Her heart softened at his admission. “So you know.”
“Yeah.”
The understanding in his eyes made her produce more tears, until she found herself quietly sobbing. Will—dear, dear Will—took her in his arms, pulled her close.
His body was warm, his arms strong. She could smell the clothes-dryer freshness of his well-worn sweatshirt, clean and old at the same time. She buried her face in the fabric and let it rip.
He held her tightly. He didn’t pat her the way some men did, didn’t say, “There, there.” Proactive comfort, she’d come to call it; they felt they needed to do something instead of just be. No, Will knew how to hug, how to just stand there and be a fortress, a safe place, a warm, strong, utterly masculine shelter.
And when at last the storm of emotion was over, Lou raised her head from his chest, knowing her face was smeared with tears, smiled up at him and said, “Thanks.”
The look on his face was…a lot of things. Sadness for her, maybe for himself
, too. Also puzzlement. A touch of guilt? And then there was a hint of something warmer and darker, something like…desire.
Releasing his hold on her, he stepped back. And just like that, all the messages his face had been transmitting were gone. Wiped clean. “Better now?” He sounded casual, uninvolved.
“Much,” she said, not sure what was going on, but suddenly feeling foolish. “Um, look, you probably have other things to do. I’m going to finish straightening up.”
“What things do I have to do?”
“I don’t know. I’m keeping you, I’m sure.”
“Nope.” Grinning, he rubbed his hands together. “What room do you want to work on next?”
If she lived to be one hundred years old, she would never, ever understand men. He’d held her, then pushed her away. She’d told him he could go; he’d decided he didn’t want to. And they said women were the flighty sex.
“The back bedroom, I guess. It’s Mom’s room. They didn’t touch mine.”

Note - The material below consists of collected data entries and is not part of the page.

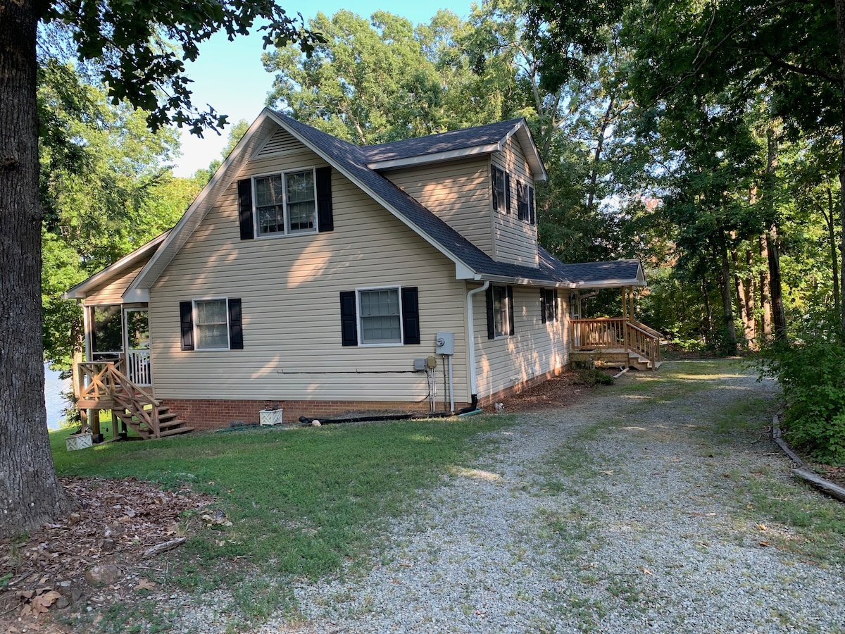 Waterfront home on MAYO LAKE. 2 Bd, 1.5 bath fully furnished . Wi-fi, Smart TVs, Alexa, frig, stove washer/dryer, microwave. Queen-size bed, sleeper sofa and bunk bed. Wrap around porch w/ rocking chairs, swing and 2 picnic tables. Large yard for playing, just feet away from the water and dock, hammock and fire pit. Lots of fishing, single kayak, 2 person kayak, canoe and 2 paddle boats available. PERFECT FOR ANY SEASON LONG OR SHORT STAY. Located on Mayo Lake in Roxboro, NC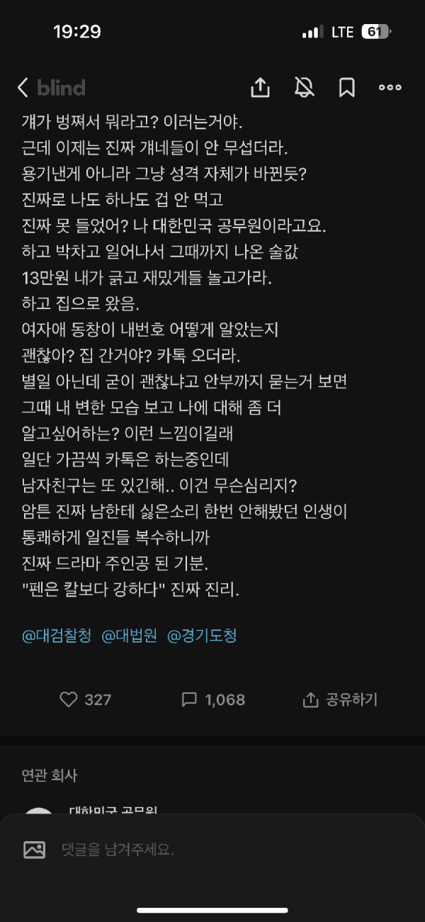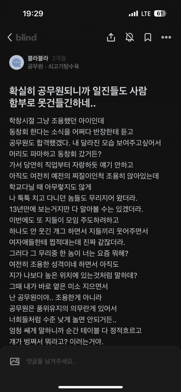 오늘자 싱글벙글 블라인드 공무원 > 유머/감동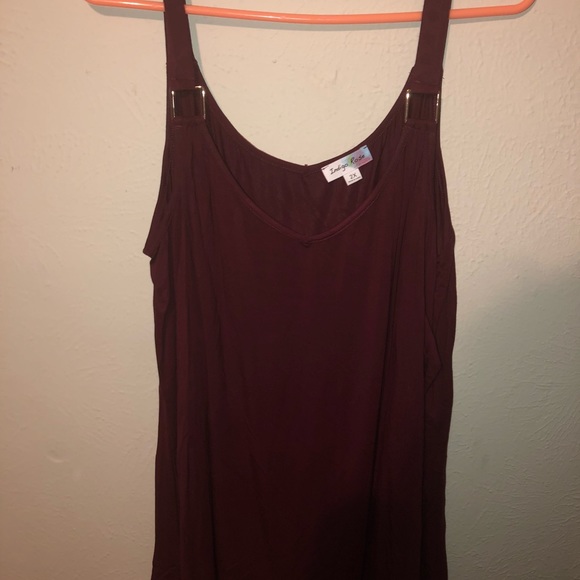 Cold shoulder, long, flowy sleeves, gold detail, color is burgundy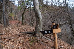 The trail begins with a steady climb through quiet forest, arriving at Dosaka-toge 道坂峠, the junction between Mt. Imakura and Mt. Mishotai. The Dozaka Tunnel runs beneath this pass. From the trailhead the climb is sustained, with Mt. Imakura 今倉山 (1,470 m) reached in about one hour. The summit of Mt. Imakura is surrounded by forest and offers no views.

Together, they removed the sheets and blankets, got new ones and made the bed, Will on one side, Lou on the other. Tucking in the blanket, each made his way around to the foot of the bed and when they met there, their hips bumped momentarily. As one, they straightened up and faced each other.

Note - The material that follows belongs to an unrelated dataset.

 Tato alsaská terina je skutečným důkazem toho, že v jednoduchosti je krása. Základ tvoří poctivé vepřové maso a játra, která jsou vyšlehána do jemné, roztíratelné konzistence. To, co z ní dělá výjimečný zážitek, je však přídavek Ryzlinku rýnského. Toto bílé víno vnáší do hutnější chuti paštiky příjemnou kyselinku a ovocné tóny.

Way too aware of him, she averted her gaze to her feet, but felt his eyes on her. Neither of them spoke. Heat emanated from Will’s body. She was aware of it, just as she was aware of that pine-shaving-soap smell of his and the fluttery sensation in various private parts of her body.
Shyly, tentatively, she raised her gaze to meet his. This time, his eyes weren’t sending any mixed messages. The word smoldering came to mind as he looked at her. In the next moment, he’d pulled her to him and was kissing her, all over her face, forehead, eyelids, neck, and she was groaning as she felt her body’s lightning-quick sensual response.
“Lou,” he murmured, capturing her mouth and devouring it.